This year marks the 25th anniversary of a breakthrough album, one that, by bringing sampling up front and into a live context, came to redefine what a typical indie band could do. Soul Coughing's debut, Ruby Vroom, came at a time when hip-hop sampling had reached new levels of versatility, incorporating everything from jazz breaks to cinematic soundtracks. Yet the New York-based group was doing something entirely different: a mash-up of jazz-derived grooves, eclectic samples, and the juxtaposed meanings of lyricist/singer Mike Doughty. Though they evolved as the 1990s wore on, their trademark sound was signaled from their first release. And so it's entirely appropriate to celebrate the debut's quarter-century mark with a tour that recreates the album in its entirety. I spoke to Doughty, now happily ensconced in Memphis, about the tour and its upcoming stop at Bar DKDC on Sunday.
- Ben Staley
- Mike Doughty
Memphis Flyer: Have you revisited the Soul Coughing material much since you went solo in the early 2000s?
Mike Doughty: Sure, I've definitely been playing individual songs in different formats — with bands, with just a cello player, or solo, absolutely. But not a whole album. I don't understand why bands didn't start doing this years ago. It's really fun to be inside this longer piece of music. You can really feel yourself in the lake of it, you know?
It must be different when you're revisiting your own work.
Not really. You sort of forget about that part. I guess I'm very in the moment when I'm doing it.
I always thought your lyrics were semi-extemporaneous.
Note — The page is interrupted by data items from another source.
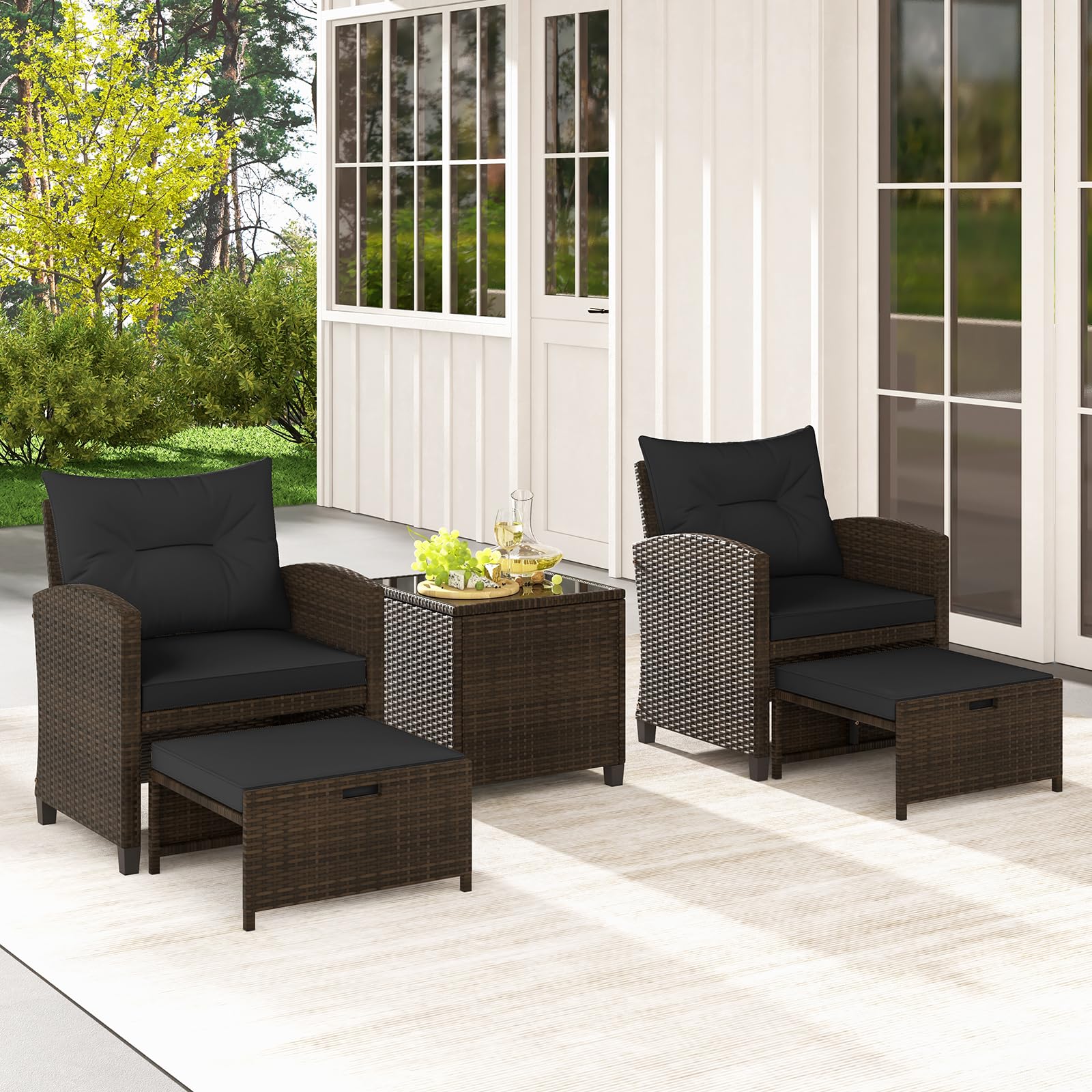 Crafted with built-to-last and fade-resistant PE rattan, the whole patio set adds a touch of sophistication to any space. And the chairs are comfortable to sit with ergonomic backrest and curved armrests. Moreover, the cushions on the chairs and ottomans bring you more coziness. And the versatile ottomans serve as footrests, extra seats or side tables for more convenience. This 5-piece patio set combines comfort and style, creating an inviting oasis for leisure moments.
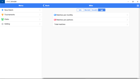 Features - Support input easily - 5,7,9 Game Match - Record team event - Record surface - Select singles and doubles - Record only game counts or points per game - Analysis graphs - Share matches, photos and graphs on Twitter, Email - Offline support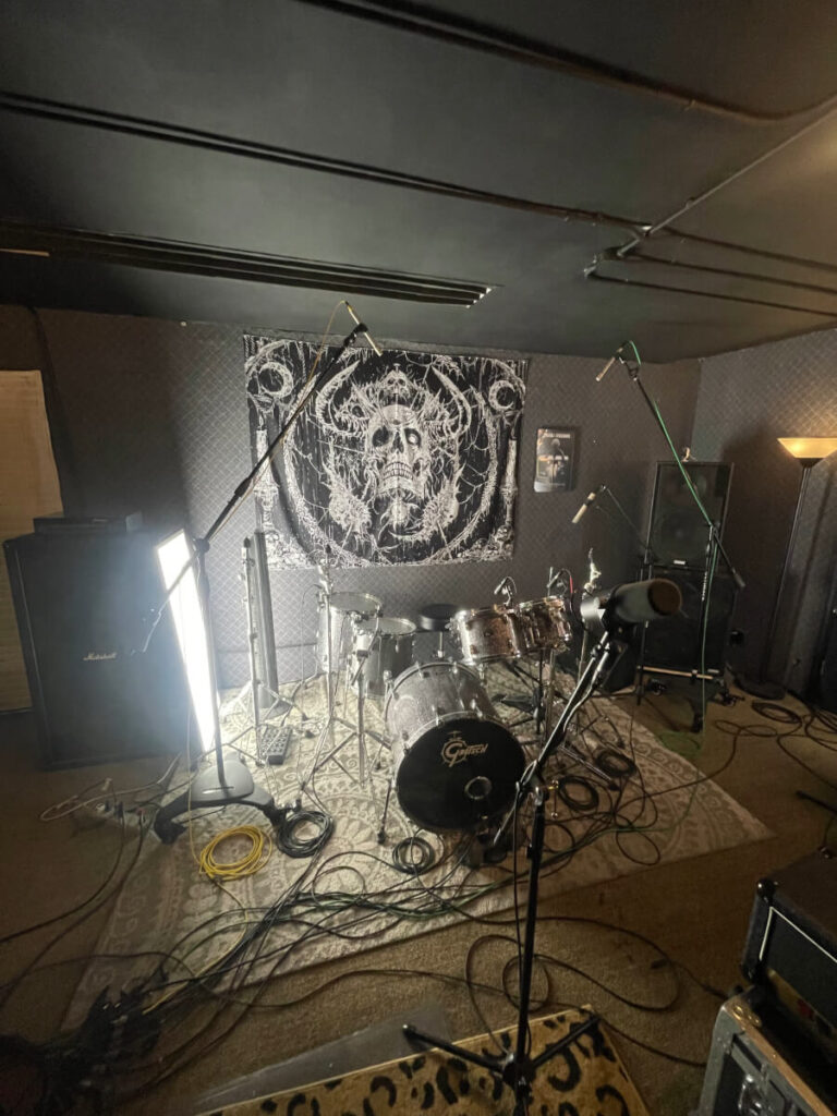 In order to record the guitar and drums at the same time without there being any bleed, or drums in the guitar mics and vice versa, we stuck the guitar cab – a Marshall 1960 Lead Straight 4×12 cabinet – in an iso booth attached to the live room, which also allowed us to dial in the guitar more precisely.

Not really. A lot of them were written based on the sound of the words. So I guess that's why it sounds improvisatory. My bands in Memphis — MOTICOS and Spooky Party — who I play at DKDC with, those are entirely improvised bands. So I'm plenty into improvisation. On this tour, I have a system of hand signals that I use to cue people to start and stop and get louder and quieter. So there's almost live remixing going on in the middle of the tunes. I'm encouraging the players to improvise, but I'm not doing vocal improvisations.
What kind of band do you have on this tour?
It's a quintet: me, Scrap [Livingston] on upright bass, and then guitar, drums, and sampler. And it includes three members of Wheatus, who are also on the bill on the tour. They're not at DKDC because there's three backing singers in that band and an additional keyboard player [Memphian and Dixie Dicks member Brandon Ticer]. So Wheatus is a bit large for that little nook.
I expect you'll bring new arrangements to the old songs?
Yeah. A lot of it is similar, but also, it's just the nature of how I play music that things are sliced and diced.
The samples, I suppose, will offer a lot of room for experimentation.
Yeah, that's different. Just by the nature of it, that's more improvisatory. And I play sampler, as well as Matthew Milligan. Sometimes I'm singing, sometimes I'm playing the sampler and not singing. It's all live-triggered. It's not like we just click on a thing and a loop plays.
Will Sunday's show carry extra meaning, bringing the tour to your adopted home?
Yeah. I'm really excited to do it in Memphis. I absolutely love living here. I had the dumb idea of moving to Nashville when I was leaving New York, and a friend said, 'You know, I've always wanted to move to Memphis.' And I had never even considered it. So during my exploratory Nashville trip, I drove over and literally got an apartment in Midtown, just having visited for a couple days. I was like, 'I'm sold!' There's something that feels really mystical about Memphis to me. There's something magical about it. I just immediately felt at home. It's been four years for me, and I bought a house two years ago. I live in Cooper-Young, so I'll just walk home after the show.
Mike Doughty brings his 25th Anniversary Tribute to Ruby Vroom to Bar DKDC on Sunday, March 31st, at 8 p.m. $10.